Mancando, tropeçando e muito cansados, finalmente chegamos ao topo da escada: Abelardo na frente, eu no meio e Percy na retaguarda.Todos três ali juntos e bem espremidos nos últimos degraus. É, mas o sofrimento parecia mesmo não ter fim. Bem diz o ditado: “Desgraça pouca é besteira!” E é mesmo: a escada não tinha patamar e, ainda, a porta lá de cima parecia estar emperrada. Que agonia! Abelardo – Ah! O Abelardo – cabra arretado, decidido que só, não perdeu tempo algum: meteu logo a mão na maçaneta com pulmões: “Abracadabra!” Foi quando, inesperadamente, uma voz feminina, muito trêmula, gritou do lado de lá da porta:

... Tem gente!

Confesso que arrepiei dos pés à cabeça. Foi terrível! Agora vocês imaginem o verdadeiro desastre que foi descer depressa e de ré aquele escuro e apertado caracol que para subir de frente já não fora nada fácil. O negócio foi esquecer das pernas e dos apetrechos e pedir a ajuda de Deus. Nessa hora nenhum provérbio podia falhar, e cada um apelou para o seu:

... Carro apertado é que anda!

... Cada um por si, Deus por todos”

... Prá baixo todo santo ajuda!

Ufa! Ufa! Arre, égua! De novo no terceiro andar e refeitos do susto, reanalizamos a orientação da recepcionista e só então descobrimos que a referida escada não nos levava ao quarto andar e sim ao quarto de dormir.
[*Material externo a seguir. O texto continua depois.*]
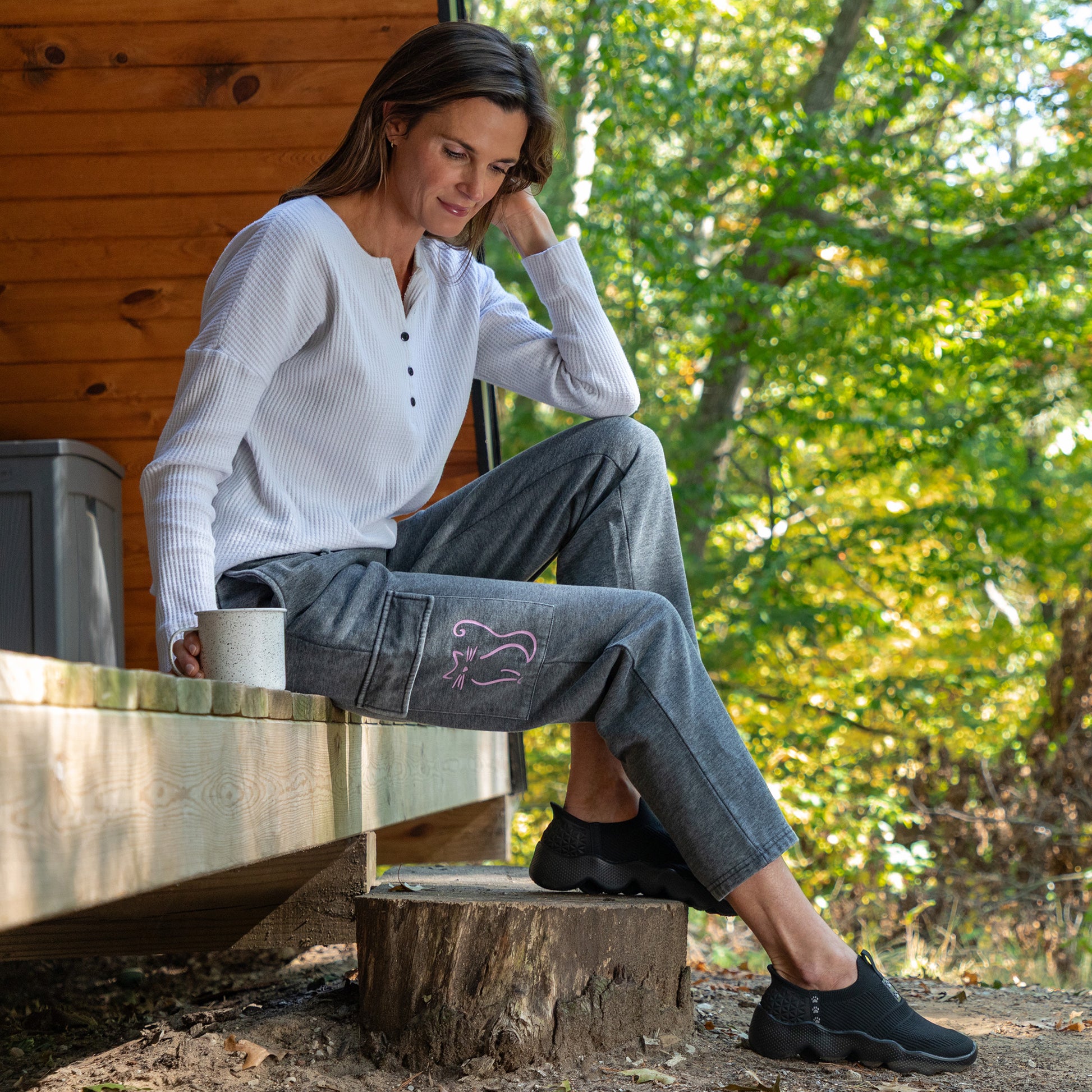 Cute, comfortable, and totally lounge-worthy! Made with a soft cotton blend in a burnout fabric, this lightweight pair flaunts an open leg that isn't constricting at the hems, a comfortable drawstring waist, and pockets. Topped with a rainbow colored zebra print paw on the cargo pocket as a symbol of your animal advocacy!

Diacho, sô! Porque não pensamos nisto antes?

Aí foi só encontrar a escada que nos levava ao apartamento 424 e tudo bem! Simples, não?!

Enfim, quando devidamente acomodados, foi que nos bateu um pensamento deveras horripilante: já imaginaram se a porta da escada estivesse só encostada e a mulher bem à vontade na cama esperando pelo seu marido que só “foi ali e volta já”, e ai depara com três elementos estranhos arrastando malas e pernas pelo seu quarto afora!... Por certo o grito de “tem gente”seria o de “socorro!” E nessa hora, meu chapa, o único provérbio que certamente se soltaria uníssono e em bom som da nossa garganta, seria:

... Salve-se quem puder!

A partir daí nada mais seria o mesmo: o provérbio deixaria de ser filosófico; os conxos de mancar, a porta de ter tranca; a escada de ter degraus; o caracol de ser ziguezagueado...e, por fim, nós três estaríamos hoje comemorando todos os recordes de atletismo da paraolimpíadas batidos já naquela ocasião.